Party system fragmentation, demographic change, and the representation of social inequalities in Japan, 1953-2017

La Fondation France-Japon de l'EHESS vous invite à participer à la conférence de Amory Gethin (Paris School of Economics) à propos de "Party system fragmentation, demographic change, and the representation of social inequalities in Japan, 1953-2017"
? 3 décembre 2020, 9h30-10h30
? En ligne - anglais
À propos de l'événement

This study exploits political attitudes surveys conducted between 1953 and 2017 to document long-run changes in the structure of political cleavages in Japan. I analyze the transformation of Japan’s one-party dominant system from the hegemony of the Liberal Democratic Party (LDP) to the disintegration of conservative forces into multiple splinter parties and the rise of a new centrist coalition.

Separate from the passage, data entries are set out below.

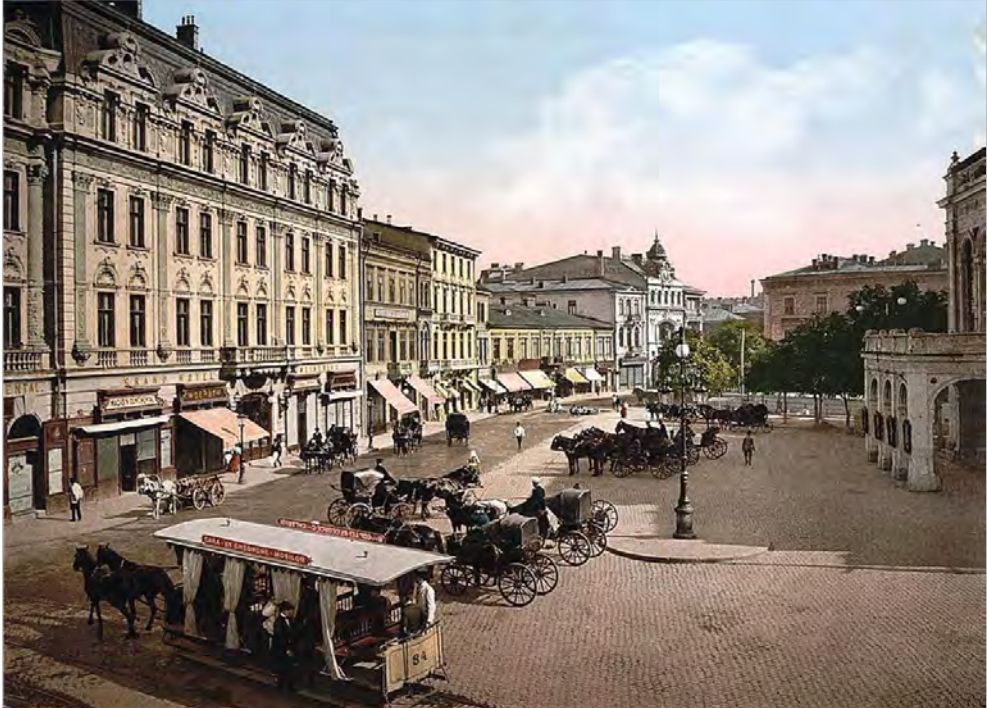
Fig. 7: The Square in front of the National Theatre with the Oteteleşanu Terrace in the background, on the right, 1915.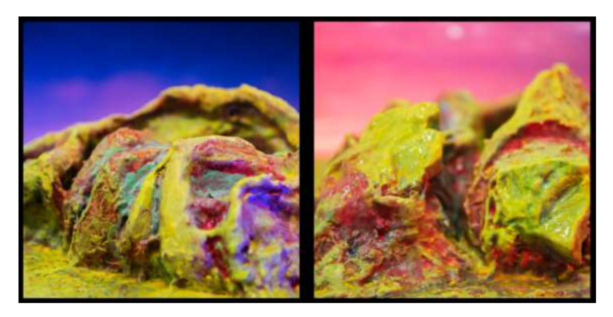
Figure 7, "Noxious Abalone", 2017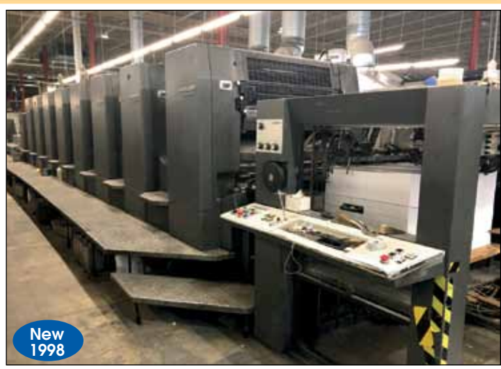
HEIDELBERG SM 102-8P+L/BIELOMATIK CUTSTAR PLUS 102/114 (MISSISSAUGA)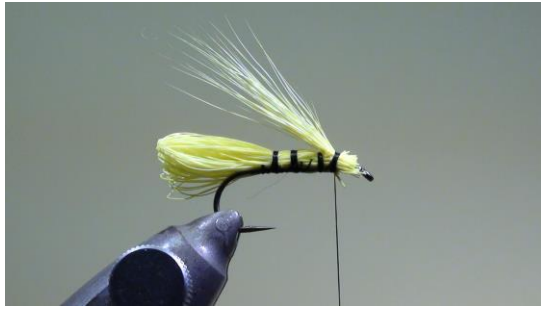
9 Tie in a small bunch of bucktail as a first wing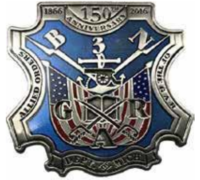
150<sup>th</sup> Department of Michigan Anniversary Approximately 1-3/4" x 1-3/4" $5.00 each Limited Quantity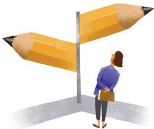
Figure 2: The Role of Teachers in School Leadership

As mentioned, our analyses suggest the presence of an imbalance. Some of those elements of instructional leadership and teacher leadership that are most strongly related to student achievement are least often implemented in schools.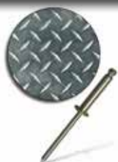
Pop rivets for quick metal installation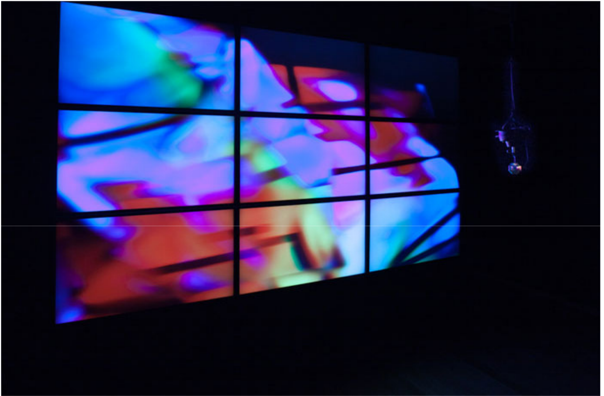
Installation view of Foundation's edge: artists and technology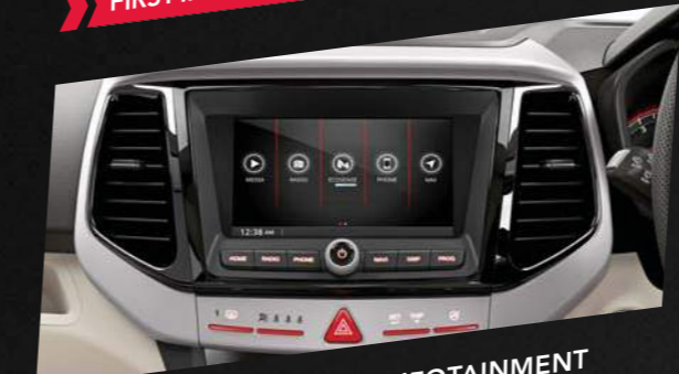
17.78 CM TOUCHSCREEN INFOTAINMENT WITH GPS NAVIGATION, APPLE CARPLAY & ANDROID AUTO™

The XUV300 allows you to adjust the air temperature to create separate, customised environments for the driver and front passenger. With 3 memory slots for your preferred setting, you won't waste time prepping up for your joyride.

Throughout Japan’s contemporary history, persisting divides based upon foreign policy and remilitarization have remained a key axis of democratic conflicts. These divides have coincided with lower-educated voters showing greater support for the LDP and other conservative parties, which have generally advocated expansion of military spending and overseas interventions. The strength of the LDP in postwar decades also relied on a unique coalition of poorer rural areas and business elites, while socialist and communist parties relied on urban unionized wage earners. Urbanization, declining rural-urban income gaps, the expansion of education, and the subsequent fragmentation of the party system have put an end to these coalitions and have been associated with the depolarization of Japan’s political space. I also analyze the long-run transformation of generational divides in relation to changing attitudes to war memory and political parties.

This work is planned for inclusion in a forthcoming collective book co-directed by Amory Gethin, Clara Martínez-Toledano and Thomas Piketty, Political cleavages and social inequalities. A study of 50 democracies. The volume will bring together case studies and comparative chapters examining the long-run transformation of political cleavages in fifty countries from the mid-twentieth century to the present.